Automatischer Autofokus und Weißabgleich

Wenn Sie hohen Wert auf makellose Bilder legen, sollten Sie beim Kauf einer Unterwasserkamera auf einen integrierten Autofokus sowie auf einen automatischen Weißabgleich achten. Der automatische Autofokus stellt automatisch ein anvisiertes Objekt scharf, was sich natürlich vor allem bei Fischen und anderen Meeresbewohnern als vorteilhaft erweist. Der automatische Weißabgleich sorgt hingegen für ein automatisches Angleichen der Farben, was bei den ständig wechselnden Lichtverhältnissen unter Wasser extrem wichtig ist. Das Ergebnis beider Komponenten in Kombination sind scharfe Fotos mit deutlich weniger Farbstichen und perfekten Farben.

Fazit:

Unterwasserkameras sind eine gute Investition, um im Urlaub wunderschöne Aufnahmen unter Wasser zu machen. Damit Sie möglichst viel Freude an Ihrer neuen Kamera haben, sollte diese eine ausreichende Wasserdichtigkeit aufweisen und mit mindestens 10 Megapixel auflösen – zudem sollte die Kamera über eine Videofunktion, einen Bildstabilisator und einen optischen Zoom, sowie über einen automatischen Autofokus und einen Weißabgleich verfügen.

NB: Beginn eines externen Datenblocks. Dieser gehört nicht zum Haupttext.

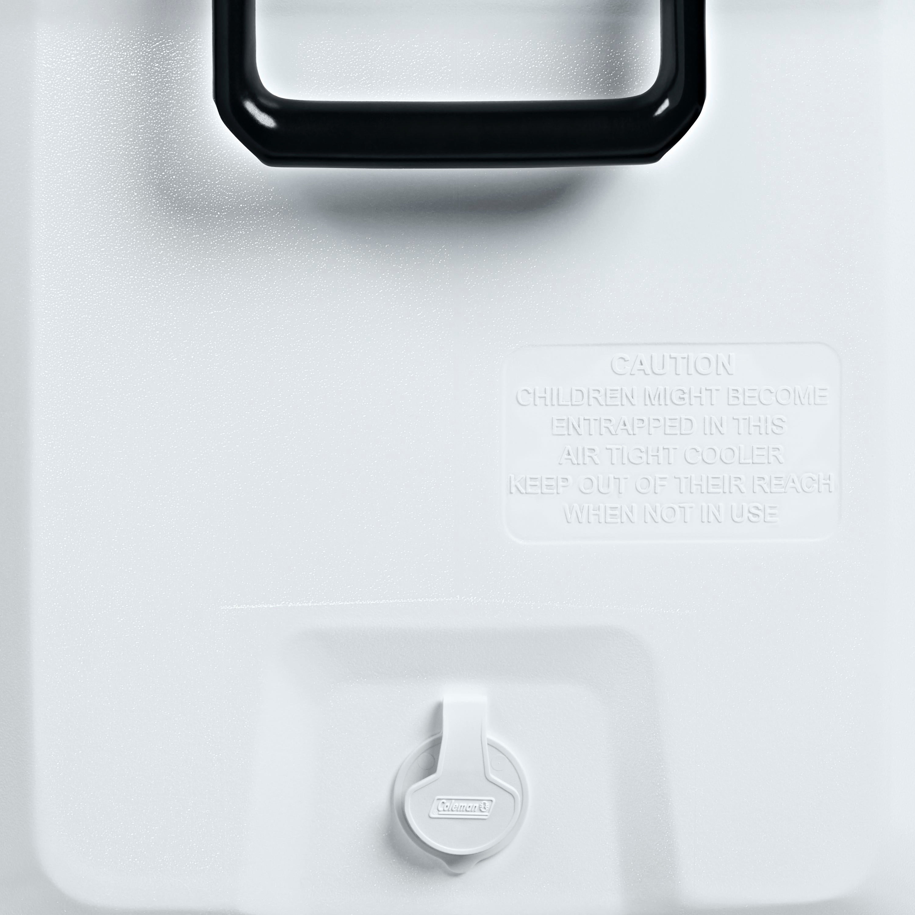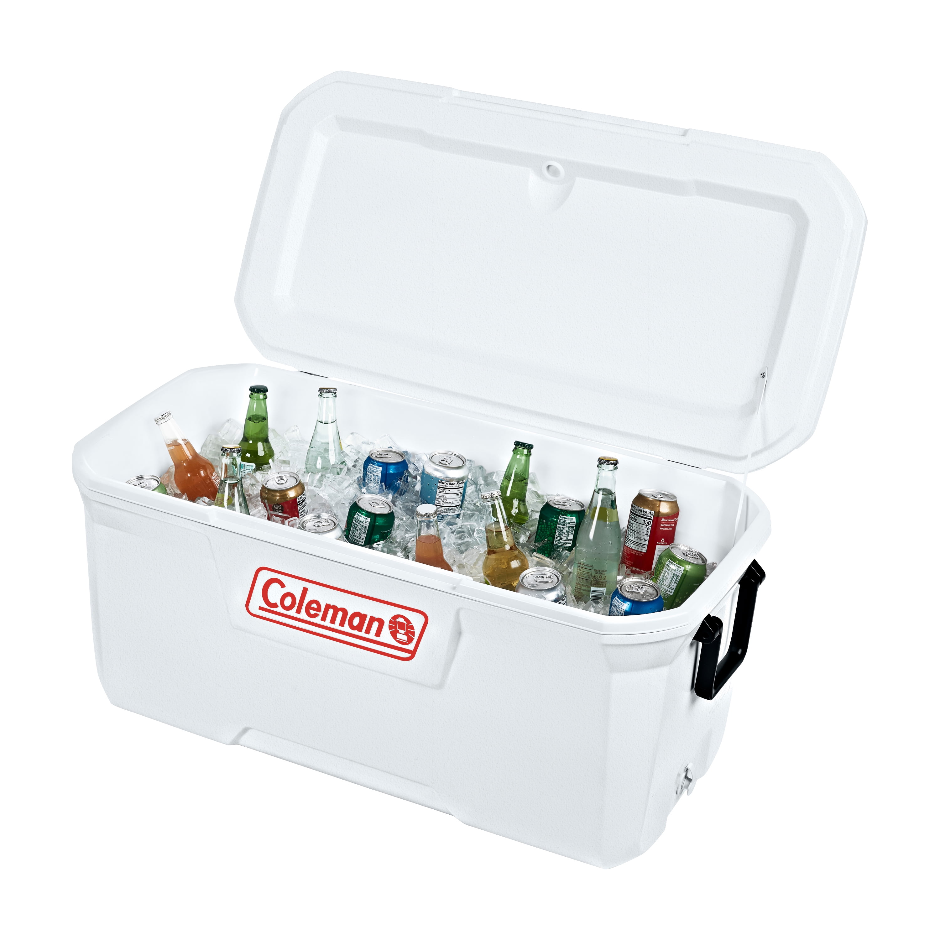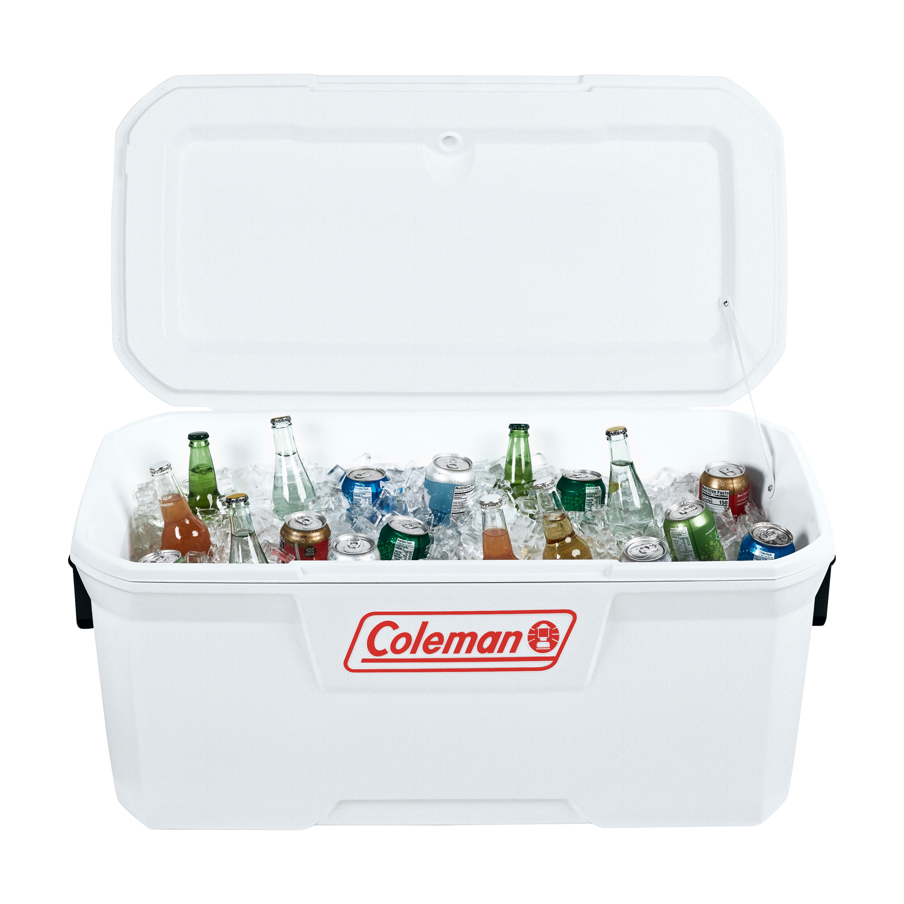 The Coleman Classic Series 120 QT Hard Chest Cooler in color white is Fully insulated lid and body Keeps the Ice™ up to 6 days in temperatures as high as 90°F Chamfered corners for optimal insulation to keep food and drinks colder longer Swing-up handles for easy carrying and lifting Holds up to 204 cans Have-A-Seat lid supports up to 250 lb. Molded cup holders keep drinks close and prevent spilling; fit up to 30 oz. tumbler Antimicrobial-treated liner resists the forming of odor, mold, and mildew between uses Rust-resistant stainless steel hardware prevents corrosion and extends life of cooler Recessed lip on lid for easier access to contents Built-in ruler UVGuard coating for protection from the sun
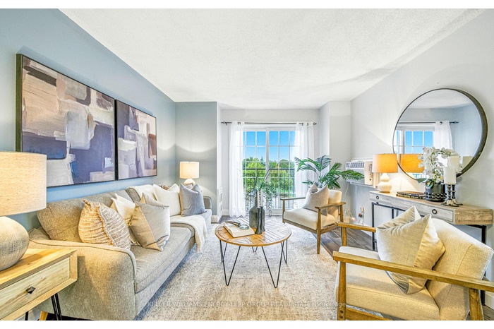 DescriptionBright and beautifully renovated south-facing corner unit in the heart of Bowmanville. This stunning 2-bedroom home offers rare privacy with no neighbours above and showcases a stylish open-concept layout. The kitchen features a centre island with bar seating, flowing seamlessly into a spacious living area with a Juliet balcony to enjoy the outdoor breeze. Renovated in October 2024, the home boasts a brand-new kitchen, bathroom, flooring, baseboards, and fresh paint, complemented by modern finishes and hardwood laminate flooring. The primary bedroom includes a walk-in closet, adding both function and luxury. Perfectly situated in a prime location with easy access to the 401, schools, parks, shopping, and public transit. Click the Realtor link for feature sheet, floor plan and you tube videoVirtual Tour: https://my.matterport.com/show/?m=NVDyomqpNR2&mls=1Amenities- Carpet Free
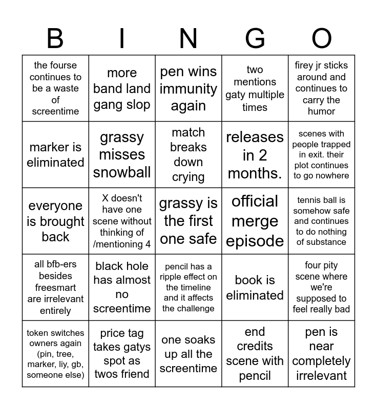 This bingo card has a free space and 24 words: black hole has almost no screentime, price tag takes gatys spot as twos friend, match breaks down crying, token switches owners again (pin, tree, marker, liy, gb, someone else), firey jr sticks around and continues to carry the humor, the fourse continues to be a waste of screentime, marker is eliminated, more band land gang slop, official merge episode, pencil has a ripple effect on the timeline and it affects the challenge, releases in 2 months., everyone is brought back, book is eliminated, four pity scene where we're supposed to feel really bad, grassy misses snowball, end credits scene with pencil, tennis ball is somehow safe and continues to do nothing of substance, pen wins immunity again, scenes with people trapped in exit. their plot continues to go nowhere, X doesn't have one scene without thinking of /mentioning 4, pen is near completely irrelevant, all bfb-ers besides freesmart are irrelevant entirely, two mentions gaty multiple times and one soaks up all the screentime.
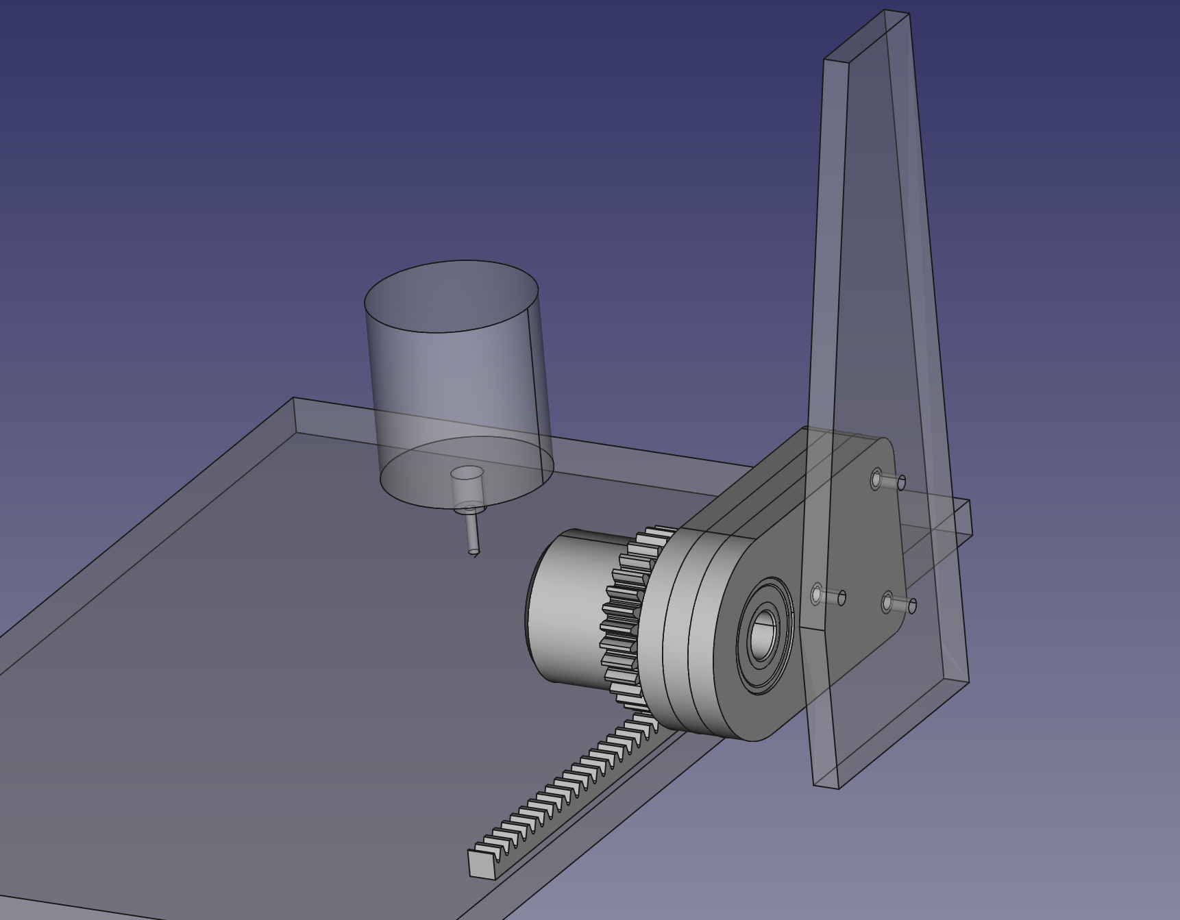 I took some measurements from the machine, modelled the important pieces in CAD, and then designed the rack, gear, and mounting plates to match:
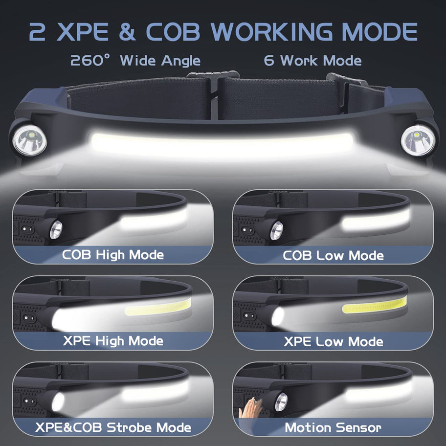 Upgrade Bright Headlamp: The led headlamp features 2 XPE LED spotlights and a COB LED floodlight, offering brighter illumination than the previous version; The COB floodlight above the eyes provides soft, non-dazzling light, while the side spotlights provide enhanced brightness with a range of 500 meters and 260° wide-angle illumination. Perfect for outdoor at night Ultra-Long Standby and Rechargeable: Equipped with a 1500 Li-battery, our headlamp rechargeable provides over 7.5 hours of runtime on a 2.5-hour full charge; The type-C USB charging cable ensures convenient recharging; Plus, the waterproof and dustproof design is enhanced by an anti-dust cap Memory Function and Motion Sensor: The head lamp automatically recalls the previous brightness level and can be turned off after 8 seconds of use; It also features a motion sensor for easy operation; Just activate the sensing switch and wave your hand Multiple Work Modes: Headlamps for adults offer versatile lighting options; The floodlight and spotlights have high and low modes, while a 3-second press of the power button activates the strobe mode for emergencies; All modes can be used with the motion sensor Customer service:If you have want to know the product information and any questions, we will be within 24 hours will reply you
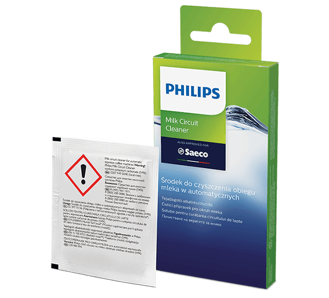 ** Środek do czyszczenia obiegu mleka stosuje się w ekspresach Saeco.
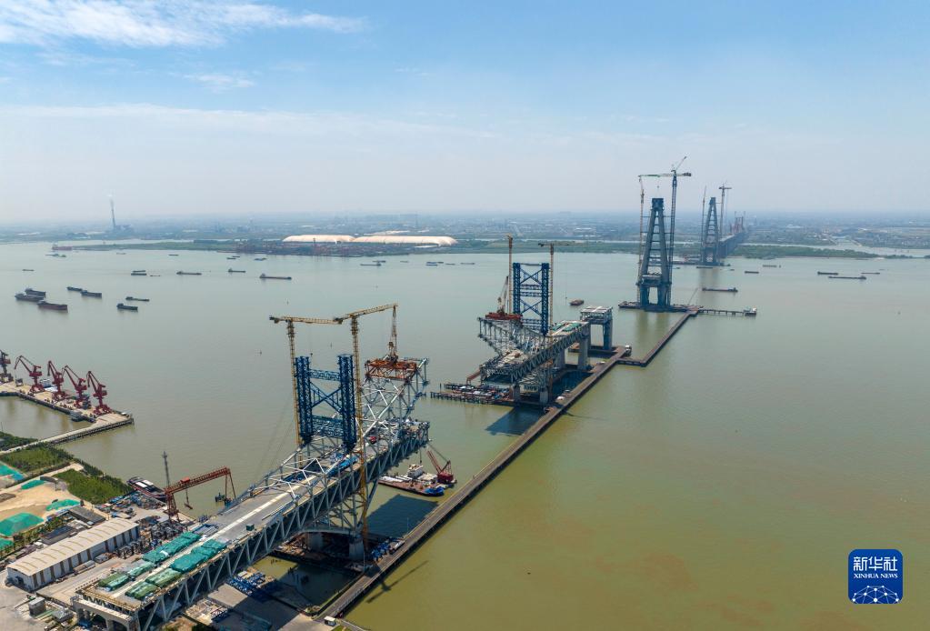 5月12日拍攝的常泰長(cháng)江大橋項目施工現場(chǎng)(無(wú)人機照片)。
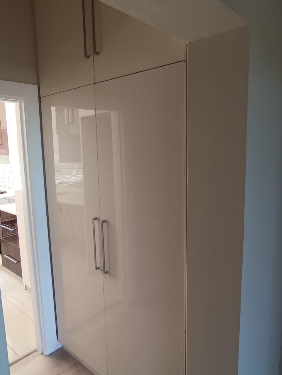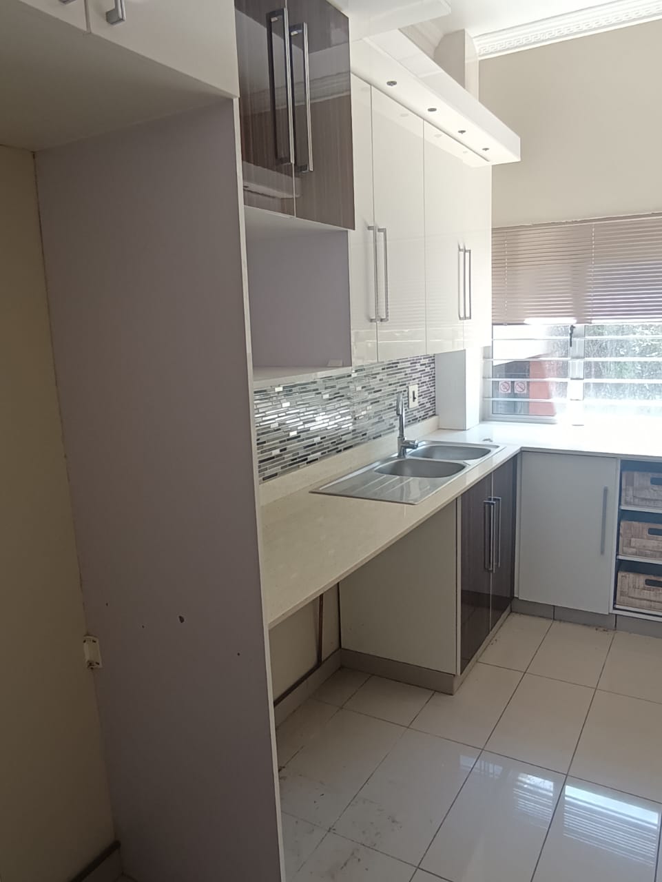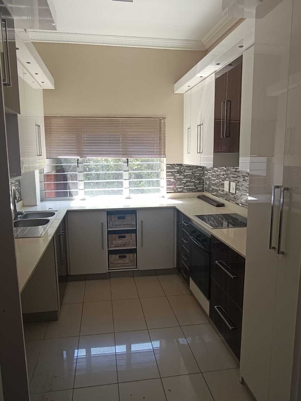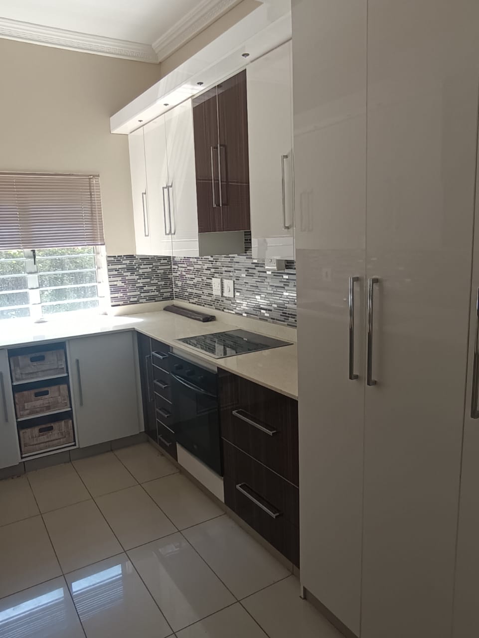 The generously sized kitchen provides space for double undercounter appliances, a double-door fridge, and offers ample storage.
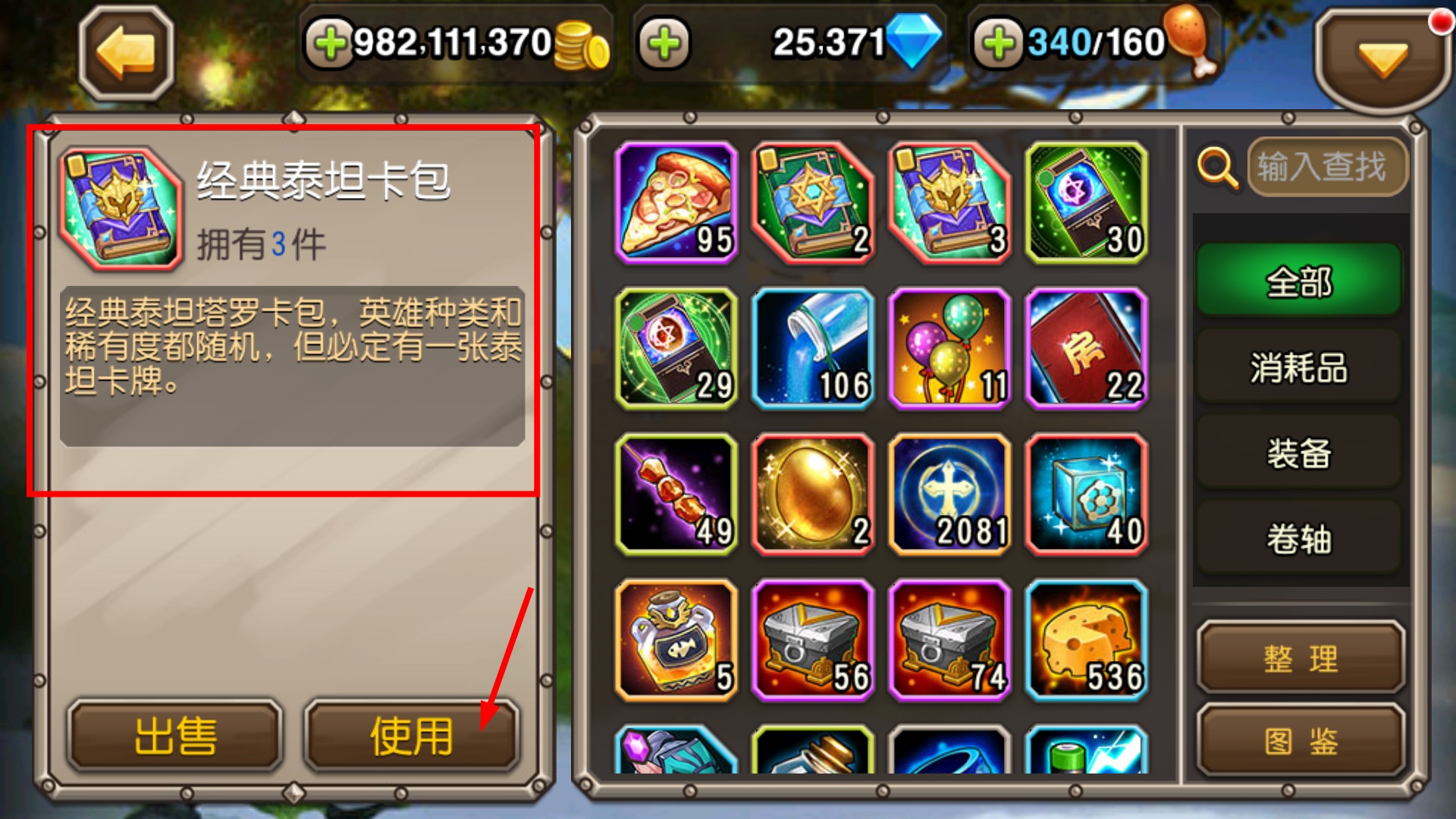 3、物品栏中【经典泰坦卡包】打开必得泰坦卡牌,点击使用即可抽取强力英雄。

Zum Schluss noch ein kleiner Tipp:

Achten Sie darauf, ob Ihre Unterwasserkamera eine Handschlaufe mit sich bringt oder zumindest die Anbringung einer solchen ermöglicht. So haben Sie die Kamera während eines Tauchausflugs stets sicher bei sich und müssen keine Angst haben, dass diese versehentlich Bekanntschaft mit dem Meeresboden macht.